Although fact tables are often over 100 columns wide, a typical data warehouse query only accesses 4 or 5 of them at one time.
For example, Analyzing whether people are more inclined to buy fresh fruit or candy, depending on the day of the week

SELECT
  dim_date.weekday, dim_product.category,
  SUM(fact_sales.quantity) AS quantity_sold
FROM fact_sales
  JOIN dim_date ON fact_sales.date_key = dim_date.date_key
  JOIN dim_product ON fact_sales.product_sk = dim_product.product_sk
WHERE
  dim_date.year = 2013 AND
  dim_product.category IN ('Fresh fruit', 'Candy') GROUP BY
  dim_date.weekday, dim_product.category;

How can we execute this query efficiently?
- In most OLTP databases, storage is laid out in a row-oriented fashion: all the values from one row of a table are stored next to each other.
- In order to process a query like above, you may have indexes on fact_sales.date_key and/or fact_sales.product_sk that tell the storage engine where to find all the sales for a particular date or for a particular product.
- But then, a row-oriented storage engine still needs to load all of those rows (each consisting of over 100 attributes) from disk into memory, parse them, and filter out those that don’t meet the required conditions. That can take a long time.

The idea behind column-oriented storage is simple: don’t store all the values from one row together, but store all the values from each column together instead. If each column is stored in a separate file, a query only needs to read and parse those columns that are used in that query, which can save a lot of work.

Column Compression

Fortunately, column-oriented storage often lends itself very well to compression.
The value in a column oftem look quite repetitive, which is a good sign for compression.
Depending on the data in the column, different compression techniques can be used. One technique that is particularly effective in data warehouses is bitmap encoding.
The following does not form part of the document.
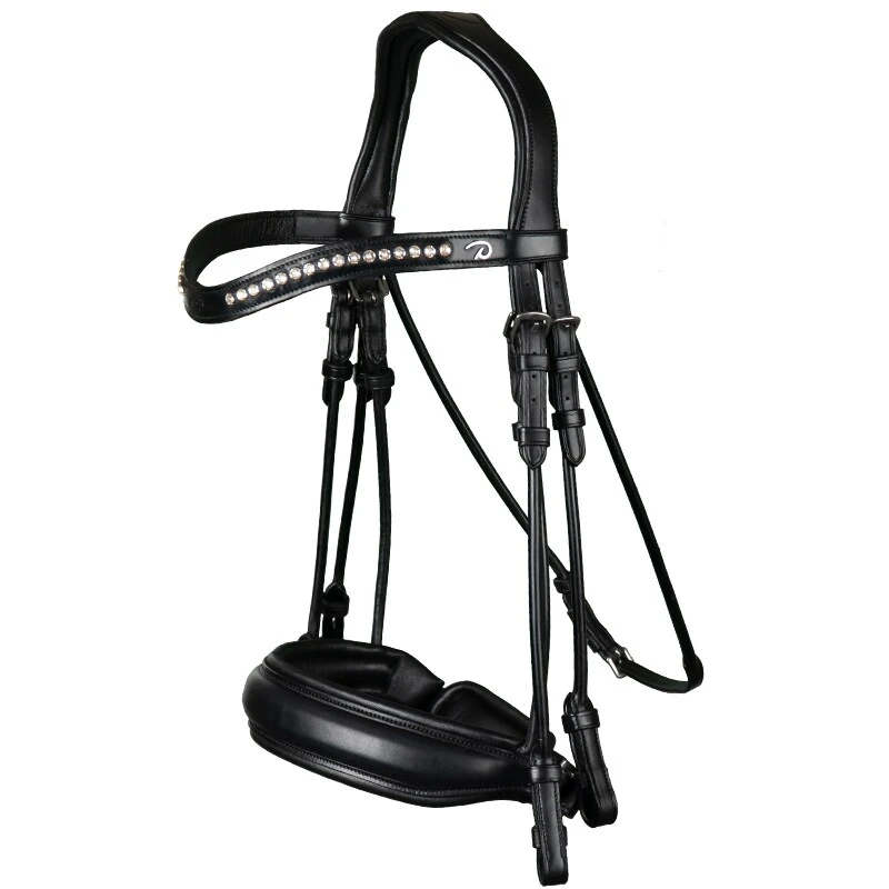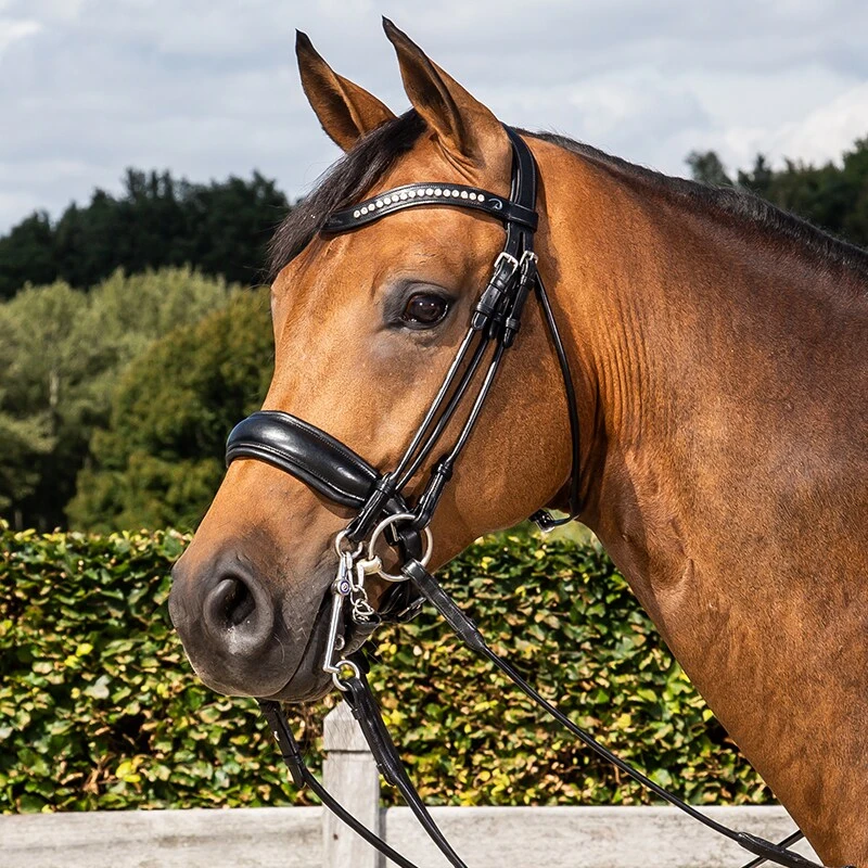 Das Genickstück der Kandare ist anatomisch gestaltet und bietet ausreichend Platz für die Ohren. Die Backenstücke werden an den Seiten festgemacht, um den Druck zu verringern. Das Genickstück dieser Kandare ist außerdem mit Neopren gepolstert und mit weichem Lammfell (ohne Fell) gefüttert. Die rundgenähten Kandaren der Dyón Dressage Collection werden mit Stirnbändern mit Strasssteinen geliefert.

Sort Order in Column Storage

In a column store, it doesn’t necessarily matter in which order the rows are stored.
It’s easiest to store them in the order in which they were inserted, since then inserting a new row just means appending to each of the column files.
Advantage of sorted order is that it can help with compression of columns.
- If the primary sort column does not have many distinct values, then after sorting, it will have long sequences where the same value is repeated many times in a row.
- A simple run-length encoding could compress that column down to a few kilobytes, even if the table has billions of rows

Writing to Column-Oriented Storage

Column-oriented storage, compression, and sorting all help to make the read queries faster.
However, they have the downside of making writes more difficult.
- If you wanted to insert a row in the middle of a sorted table, you would most likely have to rewrite all the column files. As rows are identified by their position within a column, the insertion has to update all columns consistently.
- Fortunately, we have already seen a good solution earlier in this chapter: LSM-trees. All writes first go to an in-memory store, where they are added to a sorted structure and prepared for writing to disk. It doesn’t matter whether the in-memory store is row-oriented or column-oriented. When enough writes have accumulated, they are merged with the column files on disk and written to new files in bulk. This is essen‐ tially what Vertica does [62].
Queries need to examine both the column data on disk and the recent writes in memory, and combine the two. - However, the query optimizer hides this distinction from the user. From an analyst’s point of view, data that has been modified with inserts, updates, or deletes is immediately reflected in subsequent queries.